Sviatoslav Oleksiv

Love Bloomer: From Concept to Completion

Project Overview

Designed By: Dima Malakhov
Tech Stack:
Angular
Nest.js
MongoDB
TypeScript

Brainstorming the Original Idea

The idea for Love Bloomer started from a common issue many people face on modern dating apps: finding the right words during important moments in a conversation. While AI had already made strides in other industries, I wanted to create something unique. I envisioned an AI-powered platform that would assist users in romantic conversations by providing tailored responses. This way, users could overcome awkward silences or difficult questions and increase their chances of making a lasting connection.

Early Stages: Tech Stack and Design

After brainstorming, I moved on to the technical aspects. The frontend was built using Angular due to its component-based architecture, making it easy to scale. Nest.js was chosen for the backend because of its TypeScript compatibility, perfect for API integration. MongoDB was used for flexible data handling, and secure authentication was provided by Auth0. I also realized that modern, clean designs would play a key role in the app's appeal.

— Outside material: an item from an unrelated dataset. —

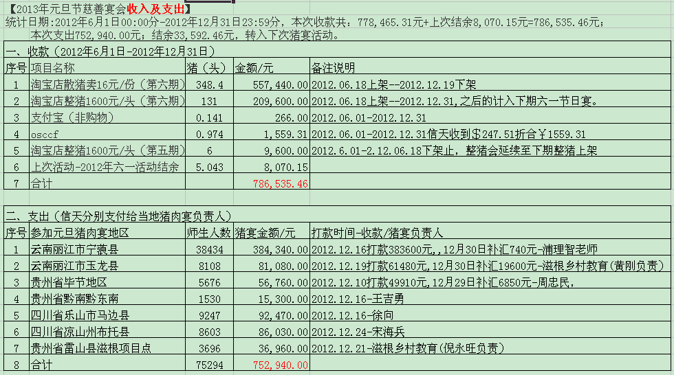 综上所述:本次2013年元旦猪宴结余款为:786,535.46元(收入)-752,940.00元(支出)=33595.46元,转入下次猪宴活动。

I started designing interfaces that would be engaging and intuitive.

Landing Page

Love Bloomer landing page

The landing page was designed to introduce users to the app's purpose clearly and quickly. The prominent call-to-action invites users to log in and start the experience, while the visual aesthetics focus on a sleek, modern design with a welcoming tone.

Developing Key Features

Once the designs were set, development began. The most critical part of the project was the conversation feature. I built a system where users could enter their chat dialogues, and the AI would suggest appropriate responses, helping them navigate the conversation.

User Profile Input Page

Love Bloomer profile input page

In this screen, users input their name and the name of their chat partner. This helps create a more personalized interaction with the AI. Users can also add persona descriptions to guide the AI in generating responses that fit the personalities involved in the conversation.

New Description Input

New description input in Love Bloomer

Users can create detailed descriptions for themselves or their partner, enhancing the AI’s contextual understanding. This was a crucial feature in tailoring AI-generated responses to the specific dynamics of each conversation.

Conversation Interface

Love Bloomer conversation interface

The conversation interface shows the dialogue between the user and their chat partner. Users can request the AI to suggest replies, rewrite messages, or add more responses, allowing for a fluid and interactive chatting experience.

Conversation Suggestions

Love Bloomer conversation suggestions

When the user isn't sure how to respond, the AI steps in by suggesting multiple conversational lines. This feature is particularly helpful when navigating tricky or important moments in the dialogue.

Challenges and Solutions

One of the biggest challenges was ensuring the AI-generated responses felt natural and personal. To solve this, I refined the AI by allowing users to provide detailed contextual information, such as descriptions and dialogue history, which helped the AI produce more relevant suggestions.

Conversation Dashboard

Conversation dashboard in Love Bloomer

The dashboard provides a clean and organized overview of ongoing conversations. Users can track the messages they've exchanged and request new suggestions from the AI when necessary.

Credit Management and Payment Integration

Credit max-out notification in Love Bloomer

Since the AI-based responses require processing power, users are allocated credits. If they run out of credits, a notification prompts them to top-up their account to continue using the service. Stripe was integrated for seamless payment processing.

Future Plans

The initial launch of Love Bloomer has been a success, but there’s much more in store. I plan to implement even more predefined conversation templates, enhance the AI’s understanding of nuanced dialogues, and add new features like conversation analytics, which would help users track their progress and become more adept at online conversations.